Awesome Lists containing this project

README

          

# hist-pred-extractor
[![PyPI version](https://badge.fury.io/py/hist-pred-extractor.svg)](https://badge.fury.io/py/hist-pred-extractor)
[![License: MIT](https://img.shields.io/badge/License-MIT-green.svg)](https://opensource.org/licenses/MIT)
[![Downloads](https://static.pepy.tech/badge/hist-pred-extractor)](https://pepy.tech/project/hist-pred-extractor)
[![LinkedIn](https://img.shields.io/badge/LinkedIn-blue)](https://www.linkedin.com/in/eugene-evstafev-716669181/)

**hist-pred-extractor** is a tiny Python package that extracts and structures historical predictions (foresights, prophecies, or prognostications) from free‑form text.
Given a passage about a historical figure or event, the tool uses a LLM to locate statements that contain a prediction, validates them against a strict regex pattern, and returns a clean, structured list of the extracted predictions together with their context.

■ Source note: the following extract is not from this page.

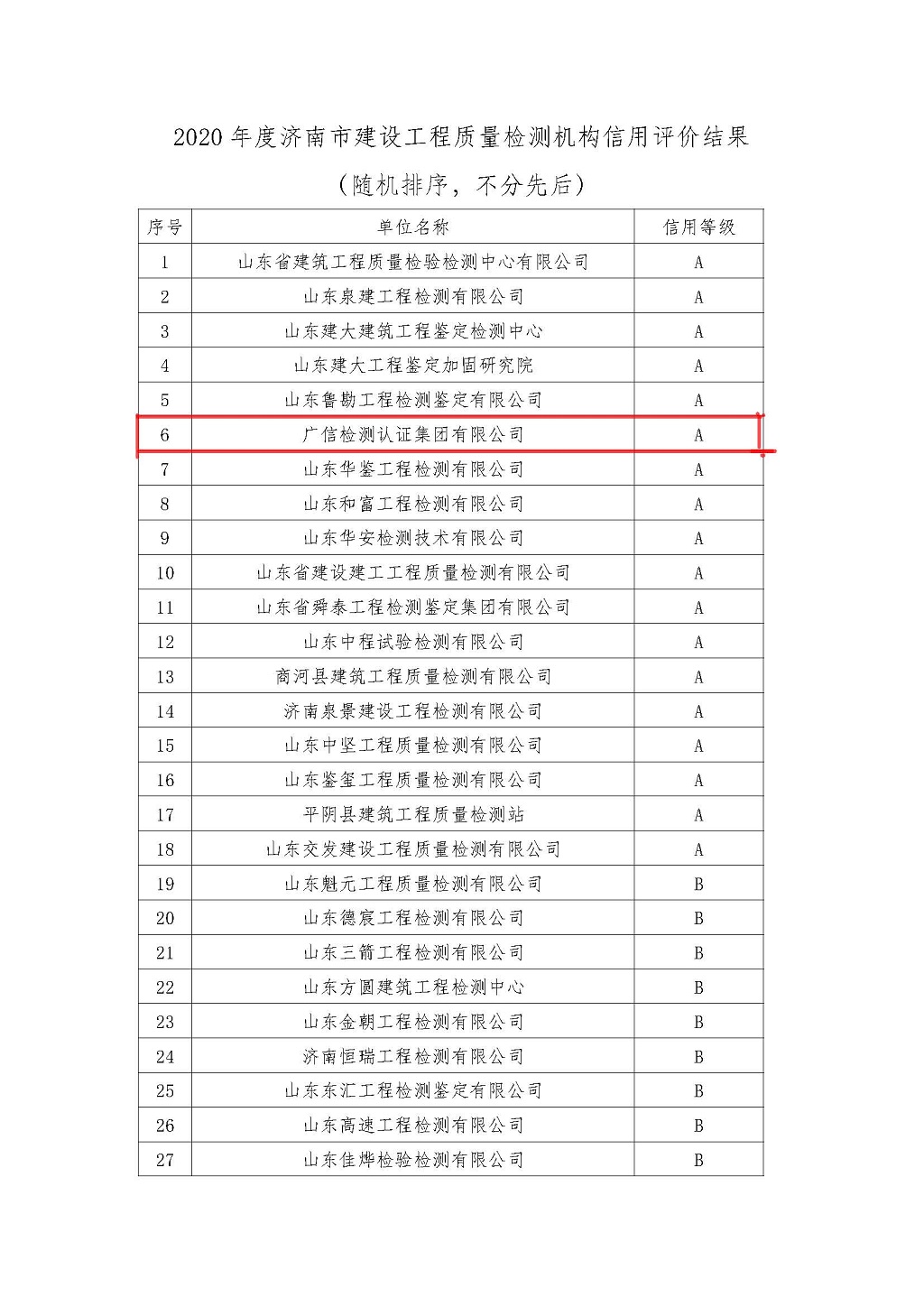 近日,济南市住房和城乡建设局公布了2020年下半年全市建筑市场主体信用评价结果,广信乐鱼网站认证集团荣获2020年下半年全市质量乐鱼网站机构信用评价获得AAA荣誉称号。同时,济南市建设工程质量与安全生产协会公布了2020年度济南市建设工程质量乐鱼网站机构信用评价结果,广信乐鱼网站认证集团荣获2020年度济南市建设工程质量乐鱼网站机构信用评价A级乐鱼网站单位。

The package is useful for historians, researchers, educators, and anyone who wants to systematically analyse historical foresights.

---

## Features

- **One‑function API** – just pass a string (and optionally a custom LLM or API key).
- **LLM‑agnostic** – defaults to `ChatLLM7` (via `langchain_llm7`) but works with any LangChain chat model.
- **Regex‑validated output** – ensures extracted data follows the pattern defined in `prompts.pattern`.
- **Zero‑configuration** – works out of the box with the free tier of LLM7.

---

## Installation

```bash
pip install hist_pred_extractor
```

---

## Quick Start

```python
from hist_pred_extractor import hist_pred_extractor

# Simple call – uses the default ChatLLM7 and the LLM7_API_KEY
text = """
In 1846, the astronomer John Herschel wrote: "In the next fifty years, the continents will drift apart,
forming the Atlantic as we know it today." This prediction was later confirmed by plate tectonics.
"""
predictions = hist_pred_extractor(user_input=text)

print(predictions)
# Example output:
# [
# "In the next fifty years, the continents will drift apart, forming the Atlantic as we know it today."
# ]
```

---

## API Reference

### `hist_pred_extractor(user_input, llm=None, api_key=None) → List[str]`

| Parameter | Type | Description |
|-----------|------|-------------|
| **user_input** | `str` | The raw text containing historical statements to be analysed. |
| **llm** | `Optional[BaseChatModel]` | A LangChain chat model instance. If omitted, the function creates a `ChatLLM7` instance automatically. |
| **api_key** | `Optional[str]` | API key for LLM7. If not supplied, the function reads the `LLM7_API_KEY` environment variable, falling back to the default free‑tier key. |

**Returns:** `List[str]` – a list of extracted prediction strings that match the internal regex pattern.

---

## Using a Custom LLM

You can supply any LangChain‑compatible chat model, e.g. OpenAI, Anthropic, or Google Gemini.

### OpenAI

```python
from langchain_openai import ChatOpenAI
from hist_pred_extractor import hist_pred_extractor

llm = ChatOpenAI(model="gpt-4o-mini")
predictions = hist_pred_extractor(user_input="...", llm=llm)
```

### Anthropic

```python
from langchain_anthropic import ChatAnthropic
from hist_pred_extractor import hist_pred_extractor

llm = ChatAnthropic()
predictions = hist_pred_extractor(user_input="...", llm=llm)
```

### Google Gemini

```python
from langchain_google_genai import ChatGoogleGenerativeAI
from hist_pred_extractor import hist_pred_extractor

llm = ChatGoogleGenerativeAI(model="gemini-1.5-flash")
predictions = hist_pred_extractor(user_input="...", llm=llm)
```

---

## API Key & Rate Limits

- The default free tier of **LLM7** provides enough calls for typical research tasks.
- For higher throughput, set your own key:

```bash
export LLM7_API_KEY="your_api_key_here"
```

or pass it directly:

```python
predictions = hist_pred_extractor(user_input="...", api_key="your_api_key_here")
```

You can obtain a free API key by registering at **https://token.llm7.io/**.

---

## Contributing & Support

- **Issue Tracker:**
- Feel free to open a GitHub issue for bugs, feature requests, or questions.

---

## License

This project is licensed under the MIT License.

---

## Author

**Eugene Evstafev** –
GitHub: [chigwell](https://github.com/chigwell)

---

## Acknowledgements

- **ChatLLM7** from the `langchain_llm7` package:
- **LangChain** framework for unified LLM access.